◆ Work request ◆
Output, exactly as written, the lines below from the one that has "12月2日科学家精神基地清洁" through the one that has "Men's Silk Polka Dotted Navy Blue Kurta"; nothing else, and no pictures.

◆ Task input ◆
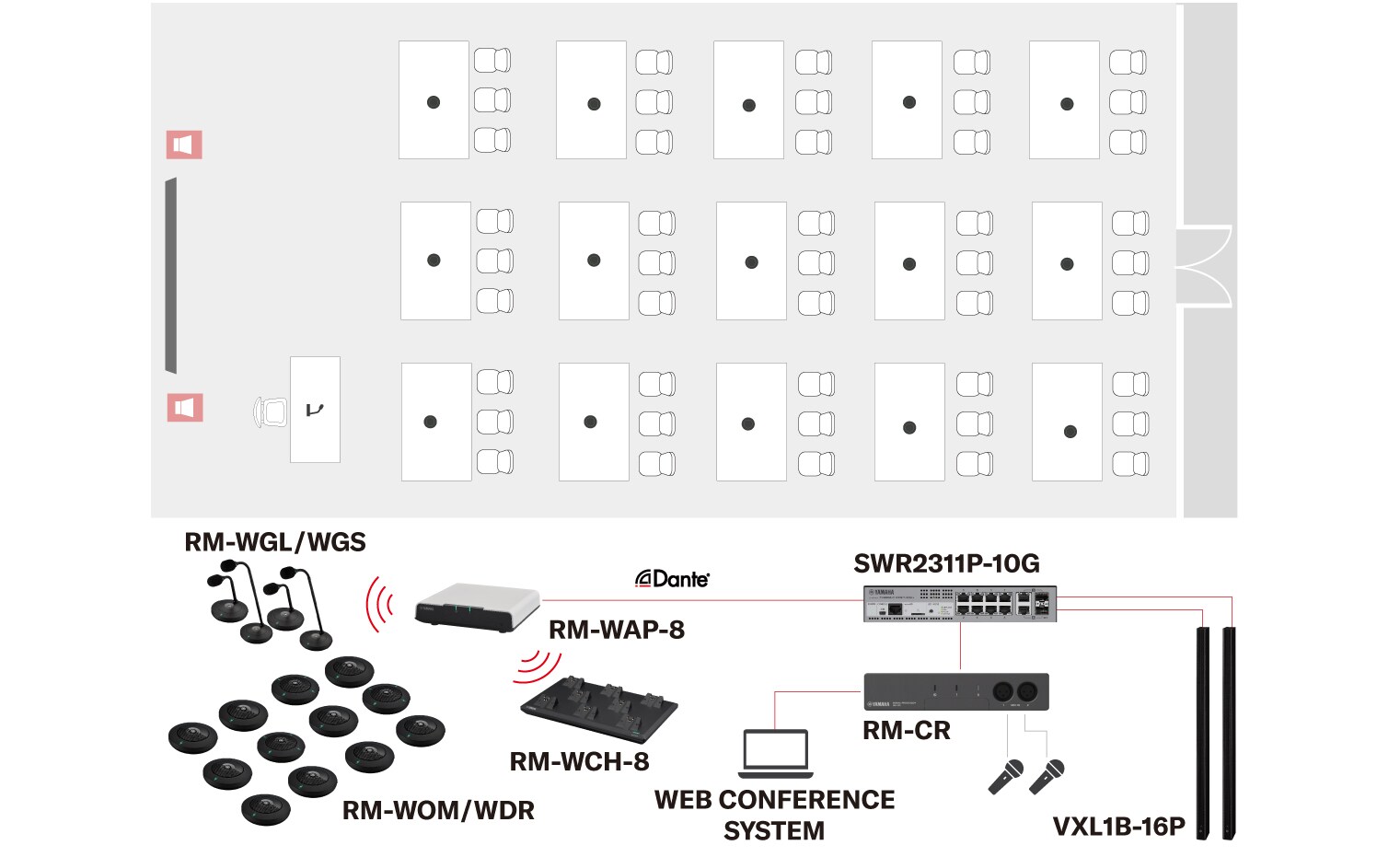 Vzhledem k tomu, že konferenční sály jsou různě uspořádány, někdy s velmi vysokými stropy nebo s různým uspořádáním sedadel, se stoly nebo bez nich, je zapotřebí flexibilní a snadno integrovatelné řešení. Pomocí bezdrátové technologie ADECIA Wireless lze připojit 16 bezdrátových mikrofonů a rozmístit je po stolech nebo u řečnického pultu. Kromě toho lze ke konferenčnímu procesoru RM-CR připojit další analogové mikrofony. Ozvučení pak zajišťují reproduktory VXL1-16P. Tímto způsobem lze konference vysílat kdekoli.
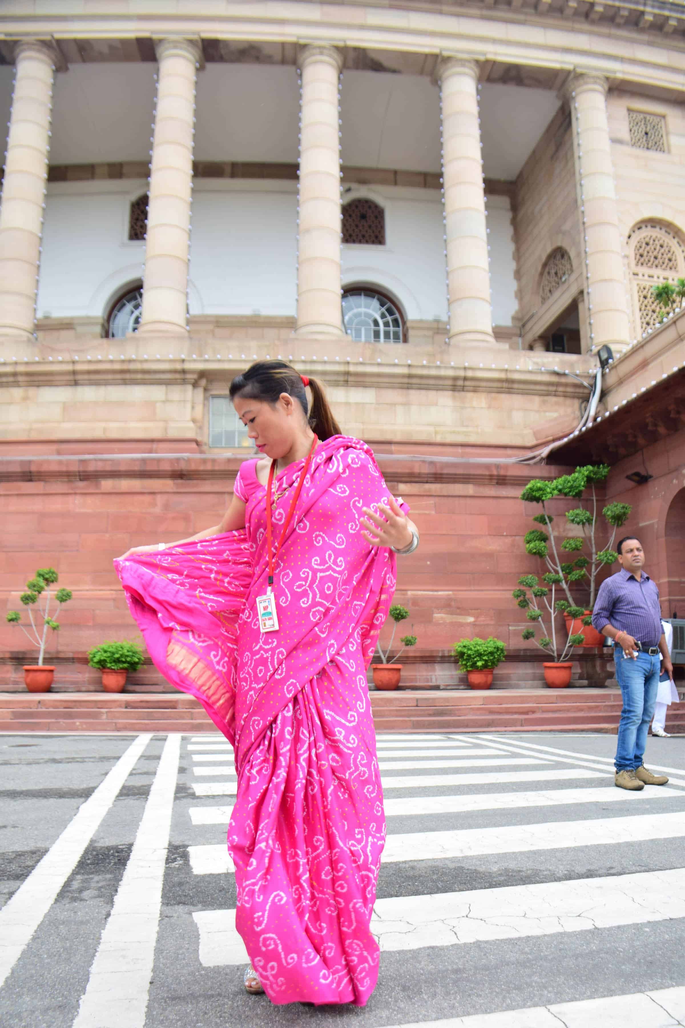 Member of Parliament Mary Kom adjust her saree on arrival at Parliament house in New Delhi on Thursday. UNI PHOTO
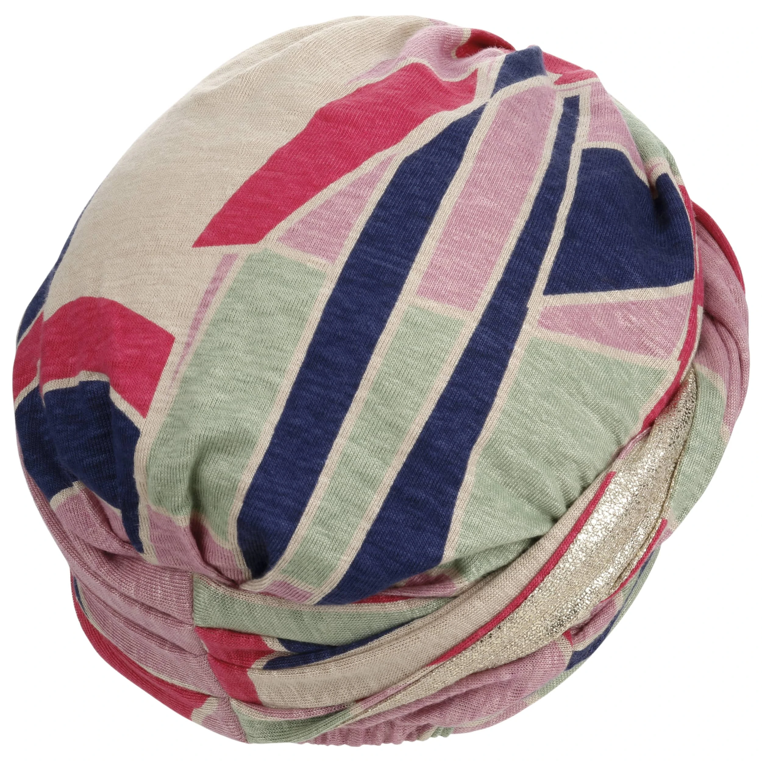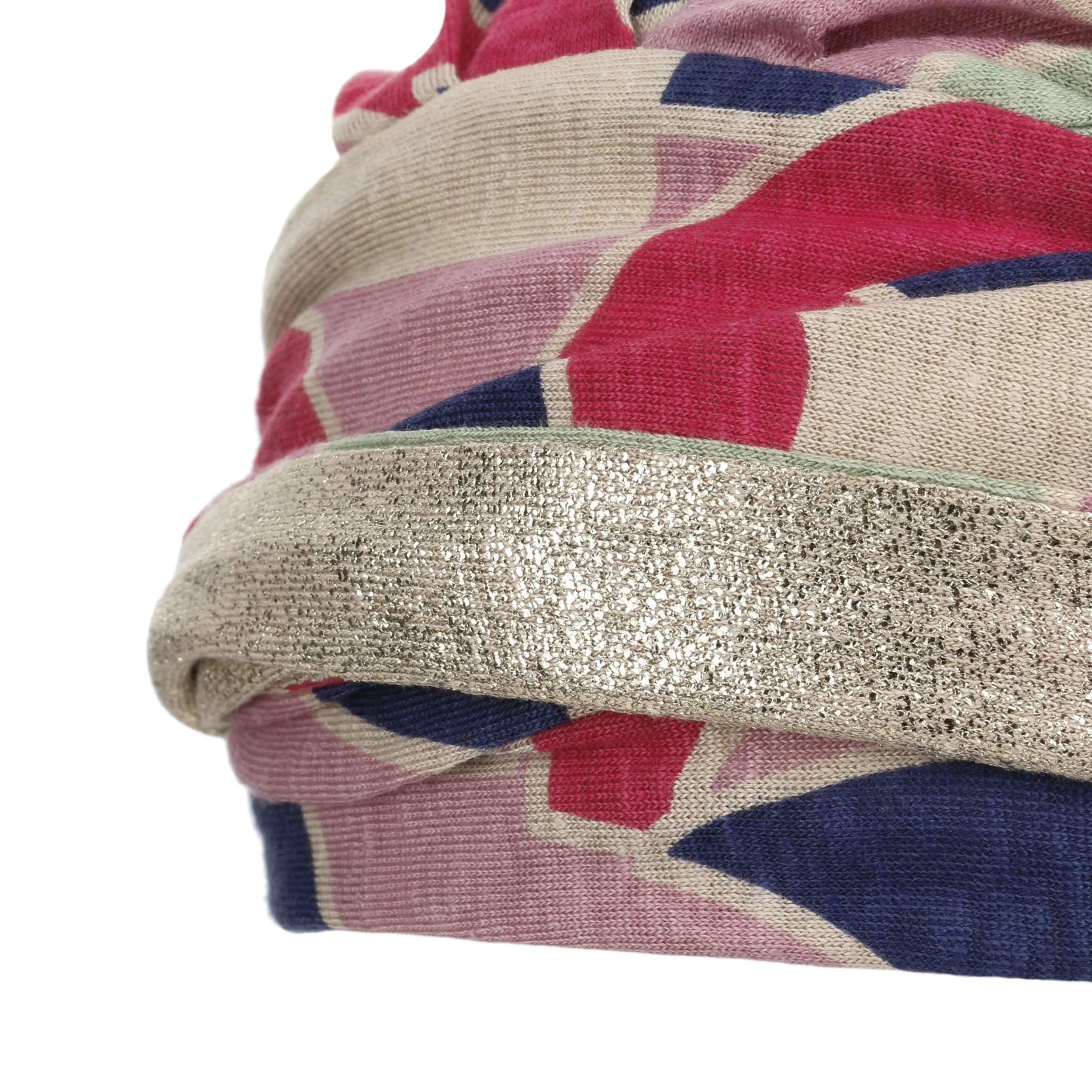 Durch die Beimischung von Elasthan erhält das bindbare OEKO-TEX®-Kopftuch seine Geschmeidigkeit und Flexibilität. Der gemusterte Stoff schmiegt sich sanft an den Kopf und schützt ihn vor Kälte und Sonne. Ein golden glitzernder Streifen verleiht dem Look einen Hauch von Glamour.
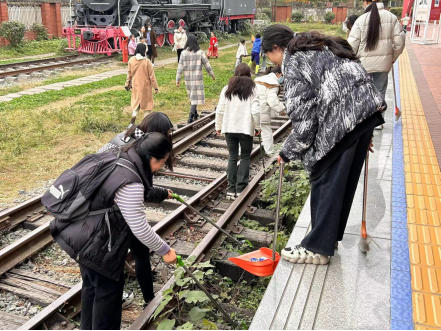 12月2日科学家精神基地清洁维护行动开展。当天15时,全体志愿者在基地门口集合并领取工具。重点进行了垃圾清扫和枯枝落叶的集中处理。志愿者们行走在铁轨之上,也仿佛是在历史的漫漫古道上穿行,进行跨越时代的对话。他们手持垃圾钳,细心地捡拾机车周围散落的垃圾。志愿者们扫除的是垃圾,收获的是精神上的回响共鸣。每一次的清扫,都是对过去的尊重和对未来的期待。他们的身影在阳光下闪闪发光,闪烁着勤劳和坚韧的光芒。
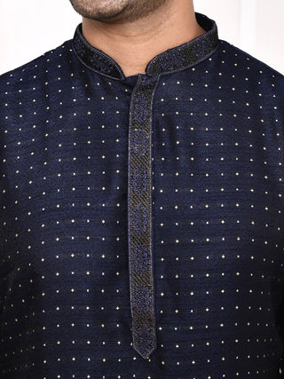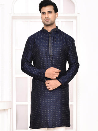 Men's Silk Polka Dotted Navy Blue Kurta
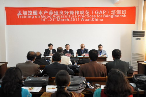 3月14日,受孟加拉国渔业和畜牧部委托,由中国水产科学研究院和管理与培训国际(MTI)(泰国)共同主办,我中心组织实施的“良好水产养殖操作规范(GAP)技术培训班”在无锡举行了开班典礼。孟加拉国国会议员Zillul Hakim、渔业和畜牧部秘书长Mosharraf Hossain,中心副主任邴旭文、教育培训处处长袁新华等出席了开班典礼。 邴旭文副主任对孟加拉国学员到中国学习考察表示热烈欢迎,并希望学员和中心的专家相互交流、分享水产养殖良好操作规范的实践和经验,为加强两国在渔业领域的技术交流和合作,提高现代水产养殖业的持续健康发展发挥重要作用。孟加拉国渔业和畜牧部秘书长Mosharraf Hossain就此次培训考察项目做了介绍,对水科院和淡水中心为此次培训所做的精心准备和组织工作表示感谢,希望通过此次培训能够比较系统地学到中国先进的水产养殖良好操作规范,推动本国水产养殖的可持续发展。 此次培训为期8天,共有孟加拉国国会议员、渔业与畜牧部的管理和技术官员、渔场场长等16名学员参加。本期培训班将通过课堂讲座、实地考察、交流讨论等方式使学员比较全面地了解和掌握中国水产养殖良好操作规范的应用及实施经验,还将组织学员赴北京参观访问水科院,与院领导和有关专家座谈交流,并在水科院举行培训班的结业仪式。 近年来,我中心积极发挥科学研究和国际培训的优势,加强国际交流与合作,积极响应发展中国家提出的在水产养殖领域进行技术支持的要求,通过承担中国商务部、农业部以及各国政府、国际组织委托的技术培训和官员研修班等,已为孟加拉国培训了70多名渔业高级技术和管理人才,赢得了良好的国际声誉。
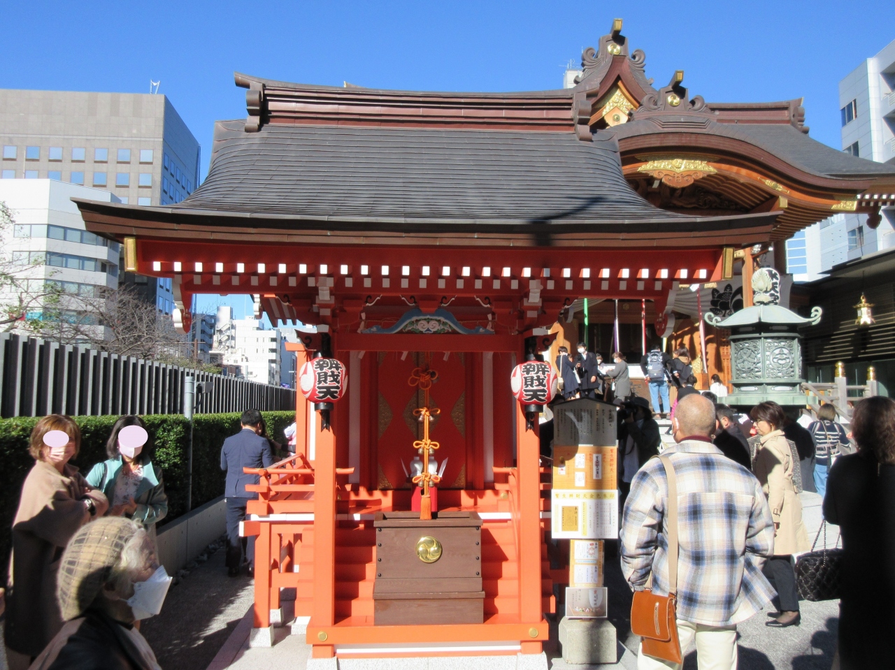 由来は不明で、すぐ近くの同じ町内に「笠間稲荷神社 東京別社」もありますが、それとの関係を調べても不明でした。
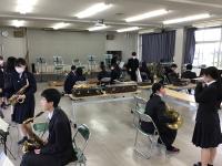5月に入って緊急事態宣言が発出される中、「誰も感染しない、させない!」を常に念頭に置きながら練習してきました。入室時の手の消毒や手洗い、練習中や合奏中のディスタンス、返事は小さくかうなずくだけ、練習直後の「ありがとうございました!」の挨拶も、マスクを素早く付けて言う、等々、細かく予防策を講じながら、練習を重ねて迎えた本番。

◆ Answer space ◆
 12月2日科学家精神基地清洁维护行动开展。当天15时,全体志愿者在基地门口集合并领取工具。重点进行了垃圾清扫和枯枝落叶的集中处理。志愿者们行走在铁轨之上,也仿佛是在历史的漫漫古道上穿行,进行跨越时代的对话。他们手持垃圾钳,细心地捡拾机车周围散落的垃圾。志愿者们扫除的是垃圾,收获的是精神上的回响共鸣。每一次的清扫,都是对过去的尊重和对未来的期待。他们的身影在阳光下闪闪发光,闪烁着勤劳和坚韧的光芒。
 Men's Silk Polka Dotted Navy Blue Kurta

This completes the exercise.